Más de 800 mujeres asesinadas por violencia machista son más que suficientes. En cualquier país, incluido éste, debería bastar para que fuera una cuestión de estado, un tema de primer orden y prioridad, un problema equiparable al que fue en su día el terrorismo. Y que se abordase con la misma contundencia legal y con los mismos recursos. ¿Qué ocurre, pues, para que no sea así? ¿Qué nos pasa como individuos y como sociedad para que no atendamos debidamente este problema? ¿Es que "sólo" son mujeres?  Me gustaría creer que éste es un tema de debate y preocupación social y política, pero lamentablemente está claro que no hay suficiente conciencia, no existe una condena colectiva bastante grande ni un rechazo frontal como para que nos tomemos la violencia de género como lo que verdaderamente es: una cuestión que no nos podemos permitir el lujo que continúe siendo el pan nuestro de cada día, que en todo caso, como todo acto violento en sociedad, debe ser la excepción a la norma, nunca un hecho cotidiano y colectivamente asumido, si no aceptado.

Podemos hacer muchas cosas excepto rendirnos ante una problemática de estas dimensiones, ante semejante oleada de crímenes. ¿Recuerdan que no hace tantos años los llamábamos crímenes pasionales, bajo la justificación del amor romántico y los celos como parte de ese supuesto amor? Aún me acuerdo de las palabras de un comisario, conmigo al otro lado del teléfono ejerciendo la profesión periodística, pretendiendo justificar la agresión a una mujer por parte de su marido: "algo habrá hecho que no le ha gustado a él...", dijo el policía.

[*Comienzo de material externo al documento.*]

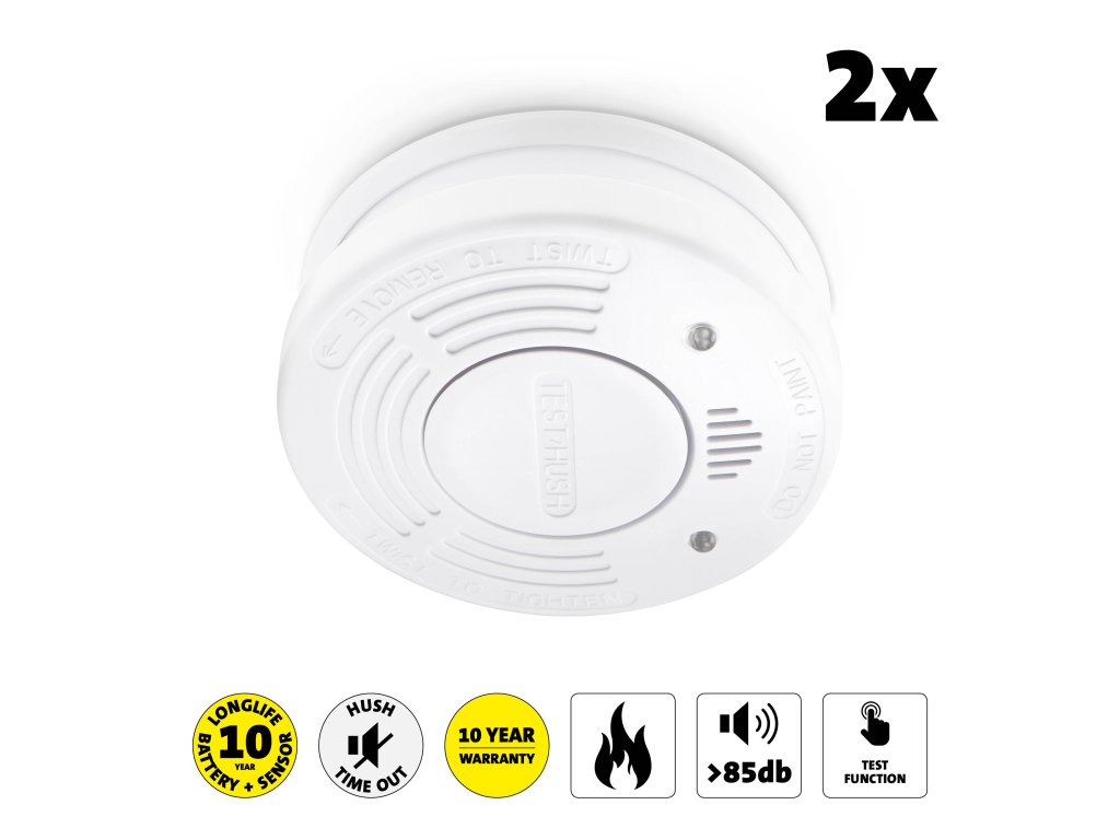 Detektor kouře s baterií a senzorem s dobou provozu 10 let 2ks Bílý
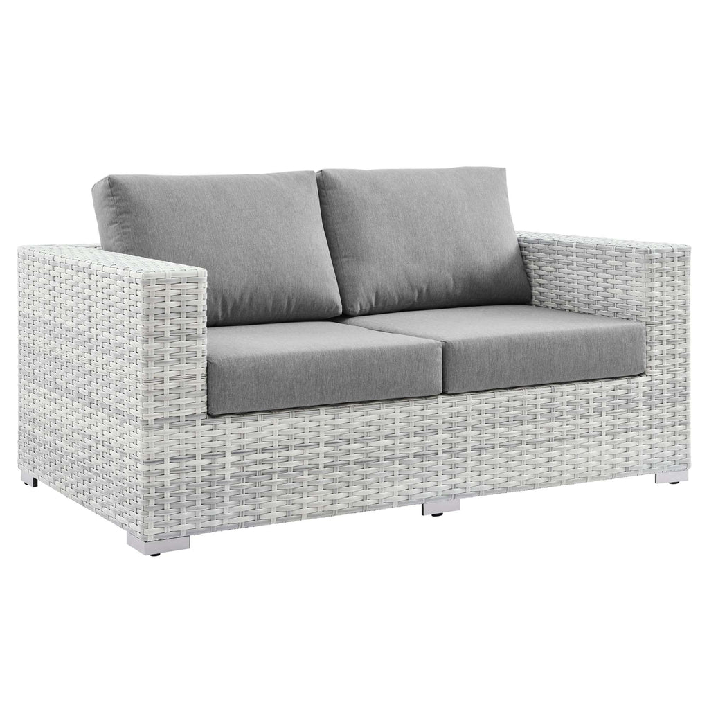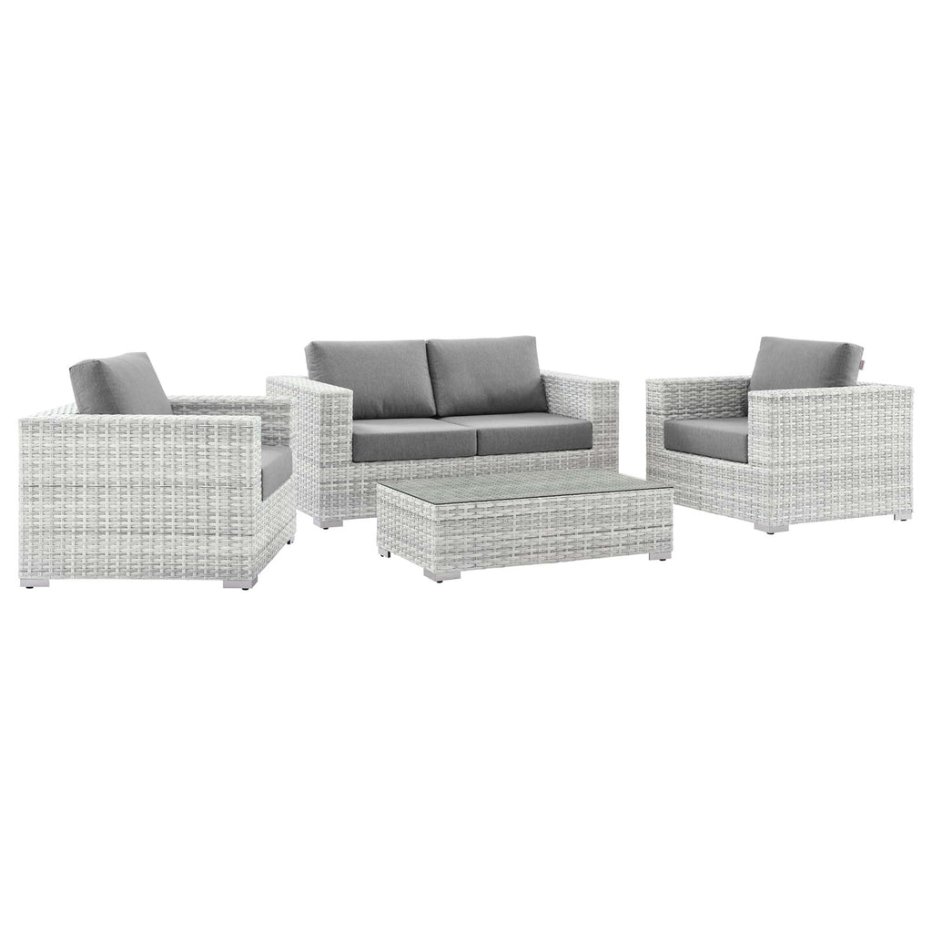 Gather stages of sensitivity with the Convene Outdoor Series. Made with a synthetic rattan weave and a powder-coated aluminum frame, Convene is a versatile outdoor furniture set that shifts and combines according to the spontaneous needs of the moment. Outfitted with all-weather fabric cushions, the Convene Sectional Set leaves a positive impression on friends and family while enhancing your patio, backyard, or poolside retreat with palpable distinction. This outdoor patio furniture set includes two armchairs, a loveseat, and a coffee table. Set Includes: One - Convene Coffee Table One - Convene Loveseat Two - Convene Armchair

Me quedé estupefacta ante tamaña afirmación, escrutando en mi entonces joven mente qué podría justificar una agresión machista. No hallé respuesta, como tampoco la encuentro ahora al silencio de muchos ni a la inacción de otros tantos.

Tenemos que transformar nuestra sociedad de raíz, erradicar de ella los micromachismos del día a día, esos que nos pasan desapercibidos la mayor parte de veces, educar a los más pequeños y a nuestros jóvenes para que practiquen y defiendan la igualdad y, por supuesto, perseguir de manera implacable a los maltratadores a la vez que ofrecemos a las víctimas todos los recursos necesarios para protegerse de ellos y para salir del pozo oscuro de la violencia machista.

Mientras, iremos a manifestarnos por las calles de Madrid, seremos muchas y muchos el próximo sábado 7 de noviembre. Muchas y muchos los en la exigencia que la lucha contra la violencia machista sea una cuestión de estado en la que se comprometan toda la sociedad, sus organizaciones y sus instituciones. Reclamaremos el compromiso político, del gobierno, en esa lucha, pediremos más y mejor protección para las mujeres y también para las y los menores víctimas de violencia machista, exigiremos también el compromiso de los medios de comunicación, que tienen un papel fundamental en esta lucha sin cuartel y que demasiadas veces lo ejercen con falta de profesionalidad e incluso de dignidad. 


Como dice el Manifiesto de la Marcha Estatal contra las Violencias Machistas, "tomemos conciencia de una vez que el machismo mata y hace imposible la convivencia exigible en una democracia" Por todas las que los machistas han asesinado y para que no maten ni una más. Por ellas, y por todos y todas nosotras, el 7NYoVoy.